• WORK INSTRUCTIONS
Below, some lines carry pictures; leave those pictures out and retype exactly the lines from the one with "Cập nhật biểu" through the one with "Our ´Magenta Moriche´".

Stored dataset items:
▼▼▼

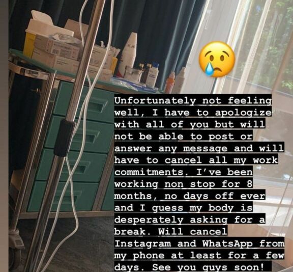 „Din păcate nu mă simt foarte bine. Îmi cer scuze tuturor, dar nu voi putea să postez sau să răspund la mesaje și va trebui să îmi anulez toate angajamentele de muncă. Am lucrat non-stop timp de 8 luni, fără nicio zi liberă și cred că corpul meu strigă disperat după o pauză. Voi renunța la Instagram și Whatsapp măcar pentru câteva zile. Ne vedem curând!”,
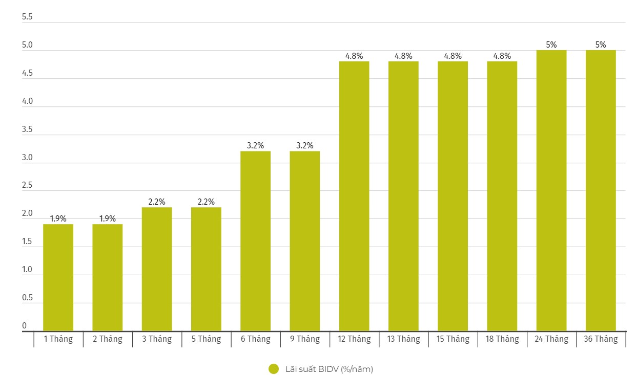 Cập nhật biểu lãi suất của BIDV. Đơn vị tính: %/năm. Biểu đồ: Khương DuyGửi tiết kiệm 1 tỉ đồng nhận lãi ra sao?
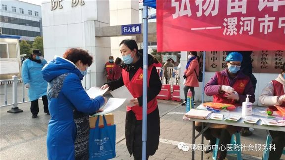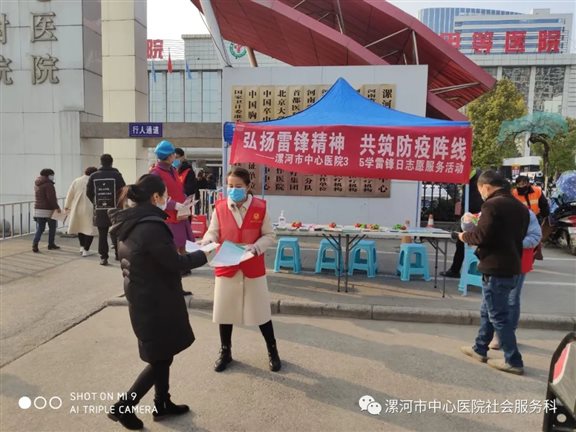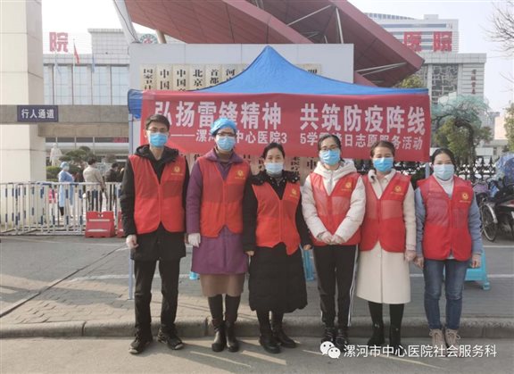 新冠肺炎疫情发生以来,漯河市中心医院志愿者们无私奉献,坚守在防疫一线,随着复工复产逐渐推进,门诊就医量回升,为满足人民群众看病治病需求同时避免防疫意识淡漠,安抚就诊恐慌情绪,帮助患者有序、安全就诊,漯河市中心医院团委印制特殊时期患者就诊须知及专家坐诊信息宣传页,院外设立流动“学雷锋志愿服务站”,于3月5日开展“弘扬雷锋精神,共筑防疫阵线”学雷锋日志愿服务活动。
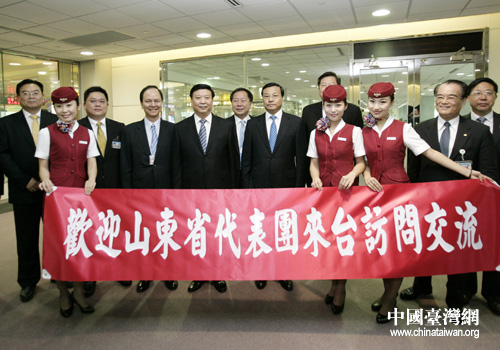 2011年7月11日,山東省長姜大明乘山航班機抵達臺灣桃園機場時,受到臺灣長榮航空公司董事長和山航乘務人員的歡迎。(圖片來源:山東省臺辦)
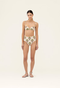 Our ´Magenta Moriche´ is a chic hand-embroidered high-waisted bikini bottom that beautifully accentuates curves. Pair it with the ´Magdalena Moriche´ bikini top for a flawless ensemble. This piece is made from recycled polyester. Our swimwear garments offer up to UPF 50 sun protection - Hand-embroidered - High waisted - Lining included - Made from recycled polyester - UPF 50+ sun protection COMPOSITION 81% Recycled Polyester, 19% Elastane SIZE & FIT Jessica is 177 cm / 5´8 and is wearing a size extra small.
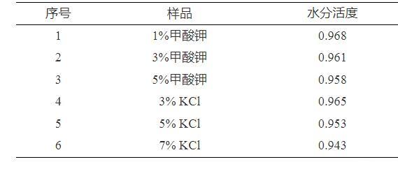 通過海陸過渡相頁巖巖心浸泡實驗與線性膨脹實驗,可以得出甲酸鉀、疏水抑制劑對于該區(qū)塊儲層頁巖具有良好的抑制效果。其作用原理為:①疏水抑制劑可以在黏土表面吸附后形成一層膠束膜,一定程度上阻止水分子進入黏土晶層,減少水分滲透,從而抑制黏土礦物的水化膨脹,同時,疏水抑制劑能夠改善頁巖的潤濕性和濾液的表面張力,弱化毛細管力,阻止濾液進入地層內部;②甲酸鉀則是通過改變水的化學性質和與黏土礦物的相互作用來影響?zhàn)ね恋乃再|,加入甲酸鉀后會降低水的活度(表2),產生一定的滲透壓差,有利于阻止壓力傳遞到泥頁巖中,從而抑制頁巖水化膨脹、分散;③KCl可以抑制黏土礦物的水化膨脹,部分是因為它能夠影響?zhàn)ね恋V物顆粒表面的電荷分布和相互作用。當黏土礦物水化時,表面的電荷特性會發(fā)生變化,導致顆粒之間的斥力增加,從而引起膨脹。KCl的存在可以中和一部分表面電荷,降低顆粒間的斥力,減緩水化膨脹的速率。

▲▲▲

• TASK OUTPUT
 Cập nhật biểu lãi suất của BIDV. Đơn vị tính: %/năm. Biểu đồ: Khương DuyGửi tiết kiệm 1 tỉ đồng nhận lãi ra sao?
 新冠肺炎疫情发生以来,漯河市中心医院志愿者们无私奉献,坚守在防疫一线,随着复工复产逐渐推进,门诊就医量回升,为满足人民群众看病治病需求同时避免防疫意识淡漠,安抚就诊恐慌情绪,帮助患者有序、安全就诊,漯河市中心医院团委印制特殊时期患者就诊须知及专家坐诊信息宣传页,院外设立流动“学雷锋志愿服务站”,于3月5日开展“弘扬雷锋精神,共筑防疫阵线”学雷锋日志愿服务活动。
 2011年7月11日,山東省長姜大明乘山航班機抵達臺灣桃園機場時,受到臺灣長榮航空公司董事長和山航乘務人員的歡迎。(圖片來源:山東省臺辦)
 Our ´Magenta Moriche´ is a chic hand-embroidered high-waisted bikini bottom that beautifully accentuates curves. Pair it with the ´Magdalena Moriche´ bikini top for a flawless ensemble. This piece is made from recycled polyester. Our swimwear garments offer up to UPF 50 sun protection - Hand-embroidered - High waisted - Lining included - Made from recycled polyester - UPF 50+ sun protection COMPOSITION 81% Recycled Polyester, 19% Elastane SIZE & FIT Jessica is 177 cm / 5´8 and is wearing a size extra small.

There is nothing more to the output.